Supporting business model evaluation, we observe the use of key performance indicators (KPIs) to further structure the performance assessment of business models [26]. KPIs represent measurable constructs that facilitate organizations to assess and monitor business performance relative to the objectives on which the KPIs have been built [42]. Generally, KPIs are defined based on business strategy, enabling organizations to translate abstract strategic objectives into concrete, measurable KPIs. In the context of business models, KPIs therefore are used to support business model decision making and to evaluate whether, or the degree to which, a business model design satisfies its strategic objectives [52].

However, the effectiveness of KPIs to support decision making depends significantly on the timing for which they are applied in the business model innovation process [74]. Business model innovation is an iterative process, for which a novel business model design is gradually developed and concretized over time. As a result, early phases of the innovation process are often characterized by significant uncertainty and limited data availability [44], even more so for business models that are new to the firm [15]. In such early phases, quantified KPIs offer limited support for decision making, as the performance of the business model design can hardly be accurately measured or predicted. Therefore, to support decision making, such KPIs should be catered to the characteristics of the innovation process, gradually quantifying as the business model design concretizes. However, examining current literature, we observe that research generally focuses on techniques toward the definition of quantitative (business model) KPIs [26, 33, 45]. As a result, these techniques offer limited guidance on the definition of qualitative KPIs suitable for use in early phases of business model innovation, as well as describing how these KPIs should be gradually quantified to support decision making. On the other hand, opinion-based techniques (such as expert judgment) as a means to account for qualitative decision making are often unstructured and do not offer much value toward measuring the performance of business models, particularly in later phases of the innovation process. As such, research lacks structured guidance for the definition of KPIs to support decision making throughout business model innovation, clarifying how KPIs can be defined and developed to cater to the characteristics of the innovation process.
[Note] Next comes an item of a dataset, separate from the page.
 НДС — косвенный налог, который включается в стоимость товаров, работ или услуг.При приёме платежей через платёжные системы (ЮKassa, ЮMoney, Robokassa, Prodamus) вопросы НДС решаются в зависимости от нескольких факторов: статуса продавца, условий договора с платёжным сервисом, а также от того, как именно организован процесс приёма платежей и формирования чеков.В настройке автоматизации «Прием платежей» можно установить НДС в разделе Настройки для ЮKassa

This is troublesome as limited decision support may result in poor or inadequately designed business models with limited long-term viability [55]. To address this research challenge, we pose the following research objective:

To develop a method for the definition of business model key performance indicators (KPIs) catered to the characteristics of the business model innovation process to support business model decision making.

Following a design science research methodology [51], we have iteratively developed a method as a design artifact. To cater to the shifting characteristics of the innovation process and to support the subsequent definition of KPIs, we draw upon theory on linguistic summarization for data summarization [75]. Whilst linguistic summarization is typically applied to make sense of data, its structure and properties can also be used to support decision making in business model evaluation: to generate linguistic (e.g., qualitative) summaries based on the (quantitative) intentions of stakeholders in the business model design. As such, these linguistic summaries are not inferred from data but rather capture the strategic goals or intentions of the stakeholders of a business model in a qualitative sense. These intentional linguistic summaries (ILSs) accordingly can be used as qualitative KPIs. Moreover, using the membership functions [76] underlying the ILSs, these ILSs can be gradually quantified during the business model innovation process as the business model is concretized, facilitating their use throughout the innovation process as a holistic support for informed decision making.
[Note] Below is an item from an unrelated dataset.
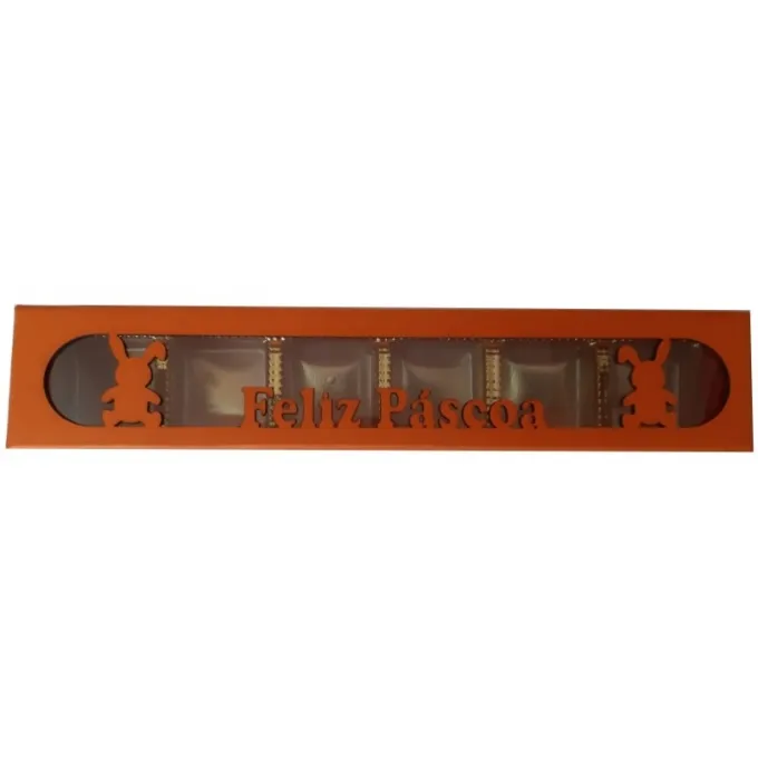Caixa 06 Bombons comprida em papelão rígido, recorte a laser e berço ouro metalizado

We have proposed an initial structure and formalization for this method in Gilsing et al. [19,20,21] and Wilbik et al. [72]. However, the initial version of the method lacked explicit guidance on its use and offered limited support for the gradual quantification of the ILSs or KPIs. Moreover, the initial method was only subjected to a preliminary evaluation. In the current paper, we have significantly extended the guidance on the use of the method, including gradual quantification of ILSs. We have also evaluated the validity and utility of the method through two real-life business scenarios, involving a group of 13 business experts to assess the use of the method in these scenarios.

Our research contributes to the ongoing call for decision making in business model innovation [55], by offering a method for the definition of KPIs that can be used throughout the innovation process, rather than supporting either qualitative or quantitative decision making. As a result, our method offers more holistic support toward decision making, contributing to the general understanding of how uncertainty with regard to business model design and innovation can be reduced. For practice, our method offers structured guidance on how qualitative KPIs can be defined to support decision making in early phases of business model innovation, and how these KPIs can be gradually quantified to support decision making in later phases of this process.

The remainder of this paper is structured as follows: In Sect. 2, we present the literature background for our work and discuss the related work on business model evaluation. Next in Sect. 3, we discuss the research design we have followed to develop our method. In Sect. 4, we elaborate on our method, describing how the method supports the definition of KPIs for business model innovation and how the techniques that are embedded within the method are used. In Sect. 5, we discuss the results of the first design cycle of our method, for which we evaluate the alpha version of the method. Next, in Sect. 6, we elaborate on the evaluation of the beta version of our method based on the feedback received. We conclude our paper in Sect. 7 by listing the main contributions of our method, the limitations to our work and avenues for future research.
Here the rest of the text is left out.